### Description of the task
Retype, exactly as they appear below, the lines between the line holding "2.输入随机生成的成语最后一" and the line holding "StopTech Drilled and", both ends included.
____ Study material
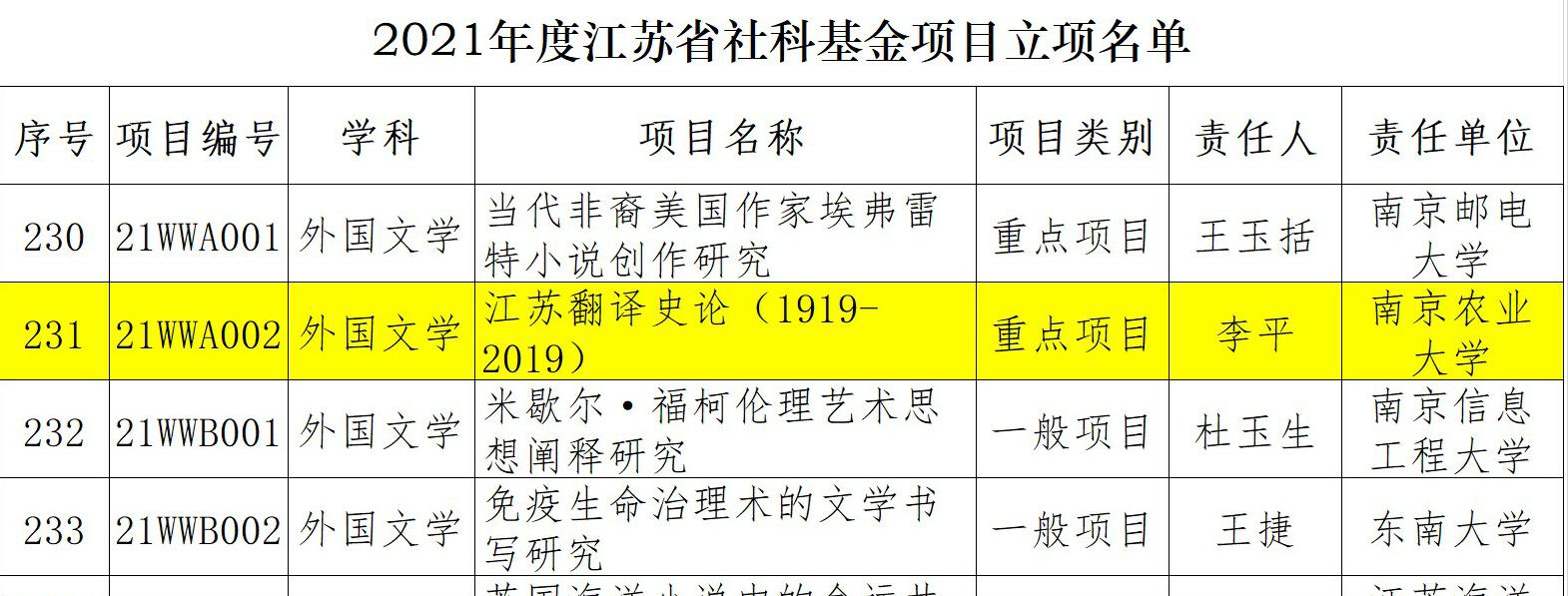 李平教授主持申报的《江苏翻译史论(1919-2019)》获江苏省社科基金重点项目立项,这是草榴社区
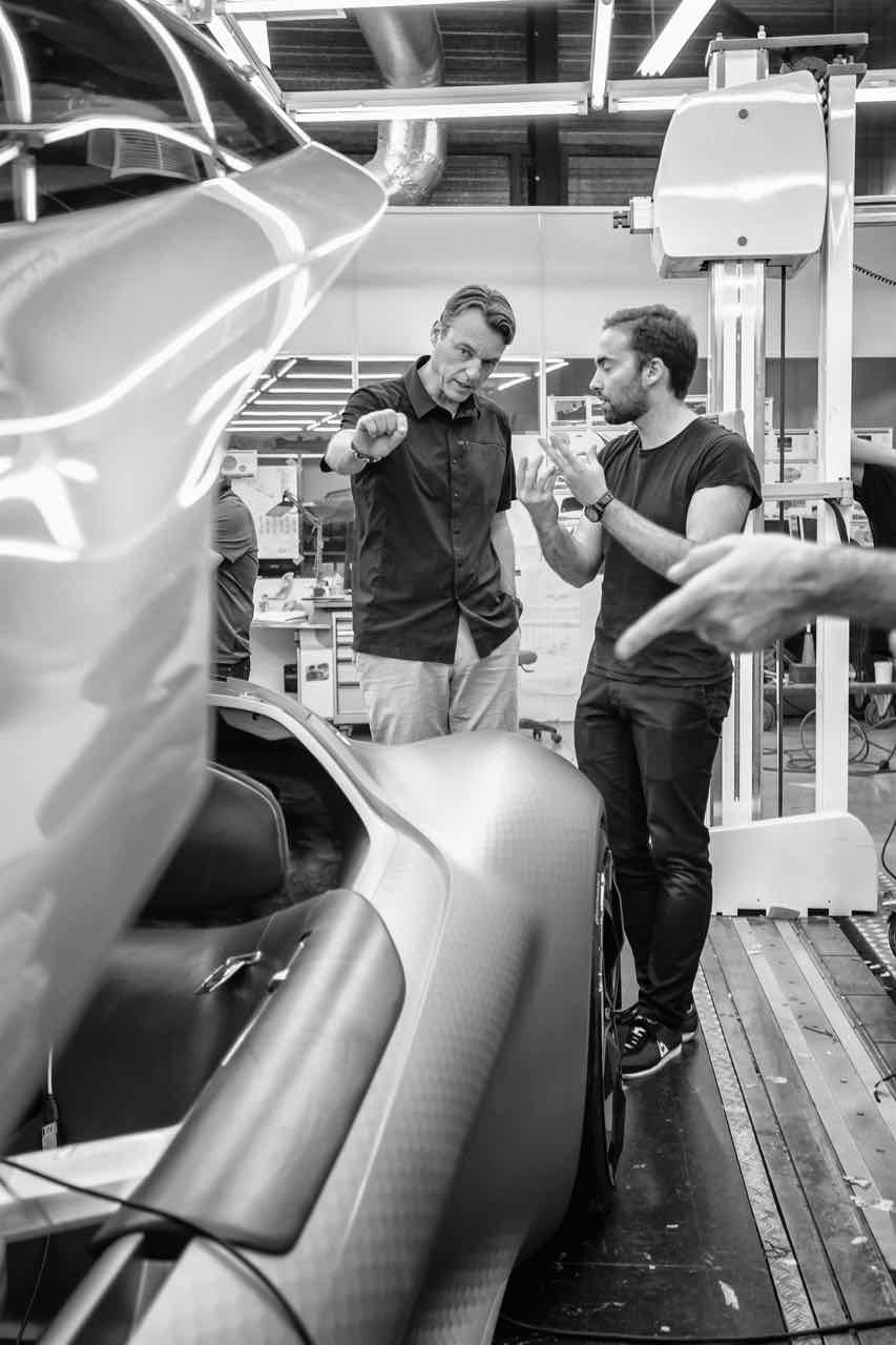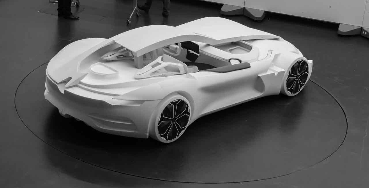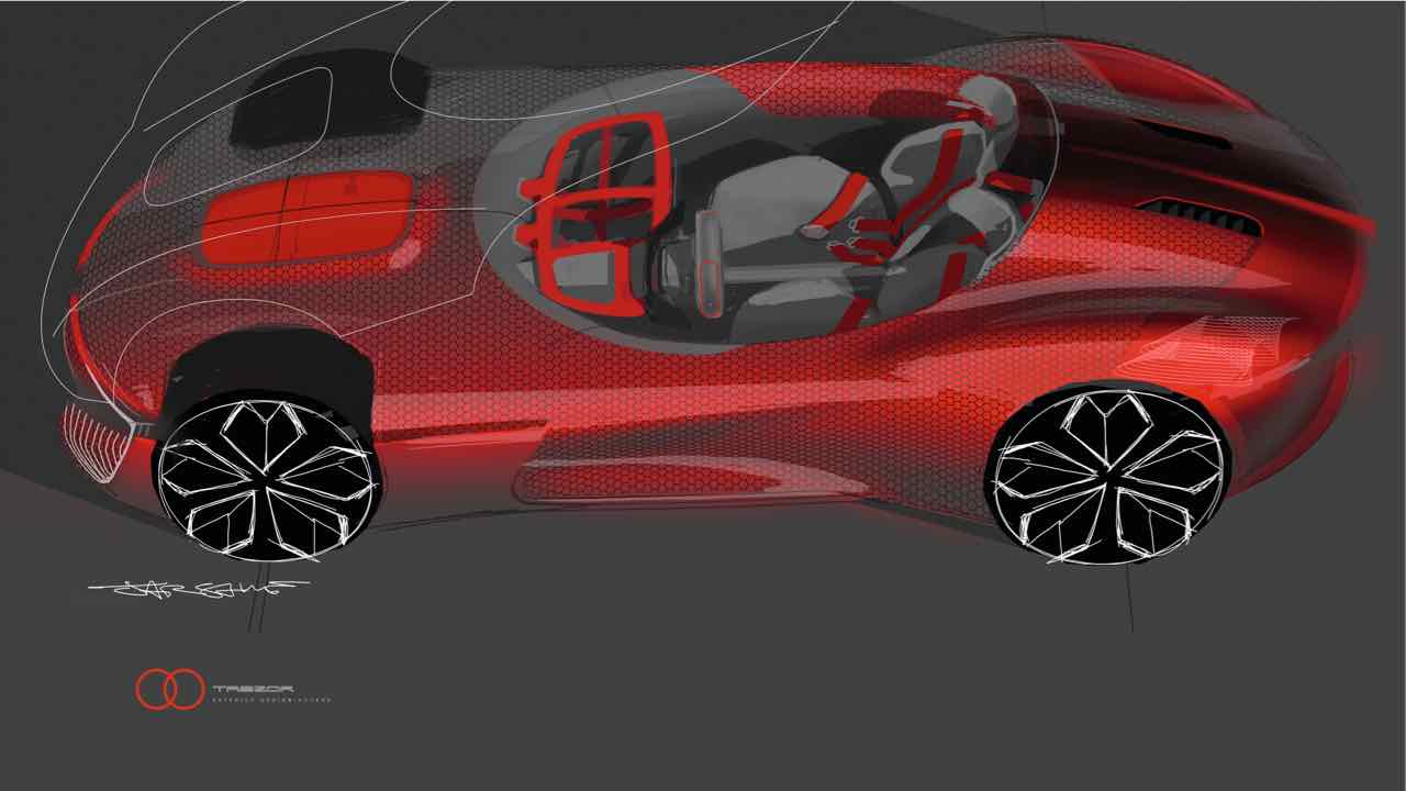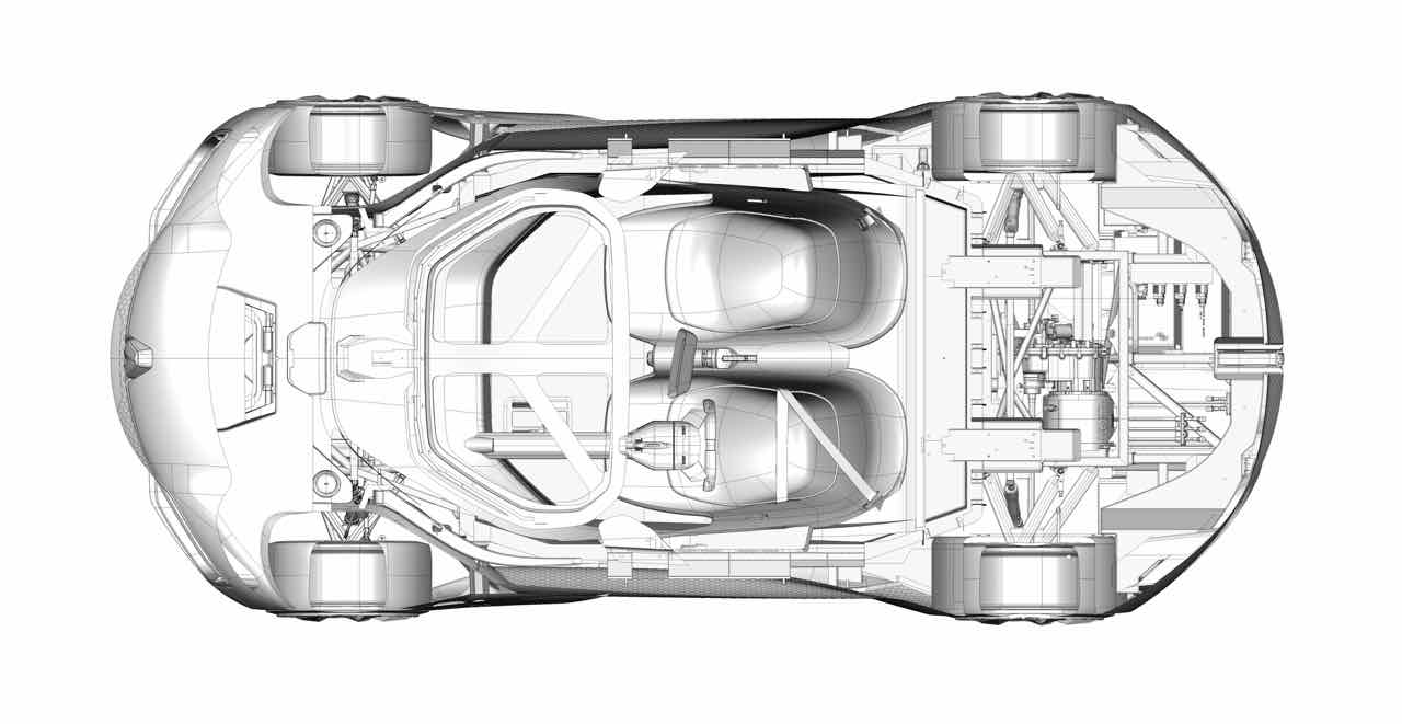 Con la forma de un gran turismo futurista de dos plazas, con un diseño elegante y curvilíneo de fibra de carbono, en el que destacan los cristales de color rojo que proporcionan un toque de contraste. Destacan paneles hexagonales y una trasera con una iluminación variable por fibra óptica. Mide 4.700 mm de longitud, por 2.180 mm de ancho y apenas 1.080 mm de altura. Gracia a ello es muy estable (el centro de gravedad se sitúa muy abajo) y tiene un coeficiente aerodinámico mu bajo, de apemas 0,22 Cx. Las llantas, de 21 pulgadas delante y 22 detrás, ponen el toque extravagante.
________
____ Study material
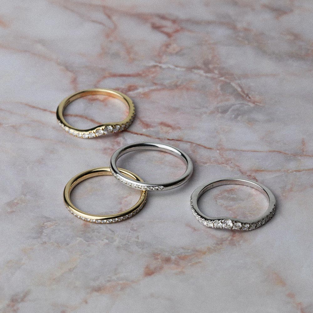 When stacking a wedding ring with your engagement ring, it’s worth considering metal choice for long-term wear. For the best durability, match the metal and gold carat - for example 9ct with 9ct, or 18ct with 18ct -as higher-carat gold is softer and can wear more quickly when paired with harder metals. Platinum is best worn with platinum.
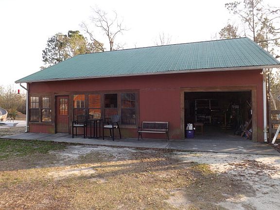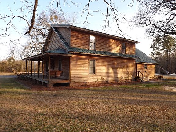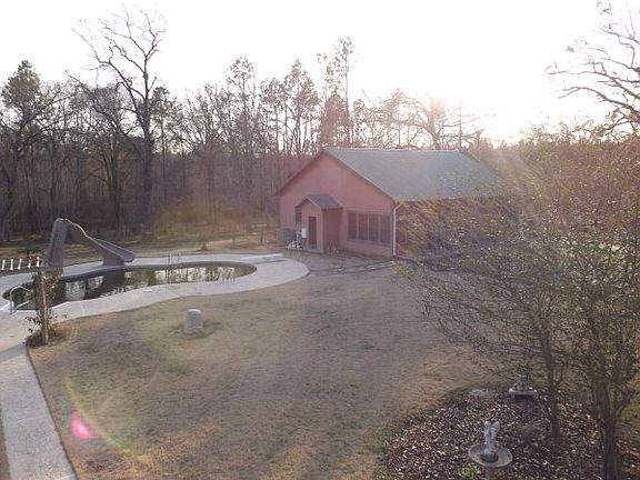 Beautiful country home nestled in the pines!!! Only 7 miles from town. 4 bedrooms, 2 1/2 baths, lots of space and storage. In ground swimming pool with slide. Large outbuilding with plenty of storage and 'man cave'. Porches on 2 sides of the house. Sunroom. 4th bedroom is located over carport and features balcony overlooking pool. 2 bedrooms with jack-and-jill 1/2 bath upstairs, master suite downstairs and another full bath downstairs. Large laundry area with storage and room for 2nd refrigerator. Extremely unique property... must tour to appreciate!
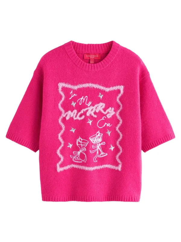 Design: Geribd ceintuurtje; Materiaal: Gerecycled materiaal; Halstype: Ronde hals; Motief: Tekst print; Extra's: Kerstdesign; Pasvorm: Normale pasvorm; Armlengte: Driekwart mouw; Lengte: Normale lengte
________
____ Study material
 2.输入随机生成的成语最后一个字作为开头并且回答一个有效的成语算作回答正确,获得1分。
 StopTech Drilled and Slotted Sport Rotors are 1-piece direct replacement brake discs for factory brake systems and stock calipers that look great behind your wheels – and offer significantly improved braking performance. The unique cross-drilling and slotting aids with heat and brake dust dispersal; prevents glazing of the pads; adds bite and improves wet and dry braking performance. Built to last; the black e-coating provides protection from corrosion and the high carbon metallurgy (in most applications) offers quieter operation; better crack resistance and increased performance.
________
### Completed exercise
 2.输入随机生成的成语最后一个字作为开头并且回答一个有效的成语算作回答正确,获得1分。
 StopTech Drilled and Slotted Sport Rotors are 1-piece direct replacement brake discs for factory brake systems and stock calipers that look great behind your wheels – and offer significantly improved braking performance. The unique cross-drilling and slotting aids with heat and brake dust dispersal; prevents glazing of the pads; adds bite and improves wet and dry braking performance. Built to last; the black e-coating provides protection from corrosion and the high carbon metallurgy (in most applications) offers quieter operation; better crack resistance and increased performance.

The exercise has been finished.